Until now. How did I get hold of his manuscript? Short version: I got lost in Chinatown, I wandered into a skanky olde curiosity shoppe, and I found a copy of Mad magazine with some yellowing pages stuck inside. The elderly proprietor told me, in broken English, that the manuscript had been hidden in the Vatican, given to the Knights Templar, bought by Adam Weisshaupt, appropriated by Napoleon, acquired by the Kaiser, smuggled into Paris, looted by the Nazis, stolen by Stalin, sold to the Moonies, found by Disney, and taken by Scientologists; and it could be mine for just one dollar and thirty-seven cents.
I didn’t believe a word of that, but on a lark I glanced at the manuscript, and my eye lit on Canto One, Quatrain Two. Right away I grokked, “space flight”. Leafing through the manuscript with increasing excitement, I found quatrains about relativity, entropy, electricity, fractals and much else. So I bought the manuscript, along with the Mad magazine, for a nice round $5. (A real bargain, by the way: that Mad was the issue with Superduperman.)

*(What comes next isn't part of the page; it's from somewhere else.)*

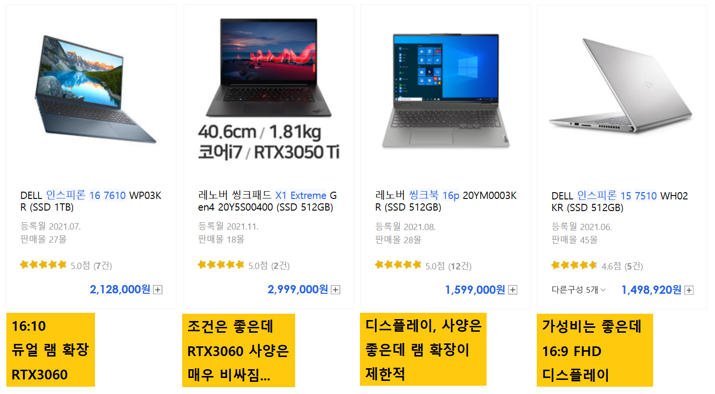 나열하고 보니 생각보다 많긴 하네요. 그럼에도 불구하고 확장성 좋고 어느 정도 휴대성도 확보되는 16인치급 크리에이터 노트북을 원하신다면 사실상 150~200만원 가격대에서는 레노버 씽크북 16P와 델 인스피론16 7610 정도가 가장 유력한 후보라는 점에는 변함이 없습니다. 각 모델의 장단점도 뚜렷하게 나눠지기도 하니 취향에 따라 선택해도 된다고 보는 것이 맞겠죠.

At first I had my doubts. What would a 16 th century charlatan know about TV, nukes and quantum mechanics? But you see, if this is a hoax, then it’s one I like. Sumadastron sounds the way a castaway time traveler ought to sound. No vague and stupid political predictions; who cares which thug beat which? But cell-phones, cars, vaccination... these are new things, interesting and unanticipated, that made a real difference in people’s lives. The sort of stuff that a real time-traveler would miss.
Mind you, he’s clear enough from our point of view, but to someone in the 16 th century, our technology is indistinguishable from magic, and our science is indistinguishable from mysticism. But that’s the life we live!

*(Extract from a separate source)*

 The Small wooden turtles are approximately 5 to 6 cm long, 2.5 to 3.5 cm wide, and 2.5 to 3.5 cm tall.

Frankly, Rudy, Sumadastron has spoiled every other prophet for me. They describe lots of fights, but never any facts. Fooey. Compared to him, they’re all such clueless suck-ups.
Some friends and relatives of mine who’ve seen the Retrodictions want me to carbon-date the manuscript before I publish it. They said I might look foolish if I don’t. But I said this is no time for half-measures. This material has been waiting for centuries; why delay its release a moment longer? Let the People decide if I’m a nut or not!
At first I wanted to send it to Nature Magazine, or the American Physical Review, or the New York Times, or the Nobel Prize committee in Stockholm. But then I realized that anything this big ought to go to the top top rank of the planetary media; and that of course means FLURB. That’s why you get first choice.
But there’s a problem, Rudy; does this qualify as science fiction? Except for the introduction, every single one of Sumadastron’s retrodictions is science; so where’s the fiction? If this doesn’t fit FLURB’s editorial requirements at this time, then please tell me right away, so I can activate plan B: Stockholm.
About the Author
Nathaniel Hellerstein was born in Boston, and now lives in San Francisco with his wife Sherri Krynski and their daughter Hannah. He is presently underemployed, as he has been for the past twenty -two years, doing part-time teaching of high-school math (algebra, trig, and statistics) at the City College of San Francisco and the College of San Mateo. This has left him plenty of time to do math research --- including several books on logic, including Diamond : A Paradox Logic --- as well as plenty of time to invent new board games, invent a new system of playing cards, compose poems, and even write the occasional science-fiction story. Most of the latter, lately, were written for and to Hannah.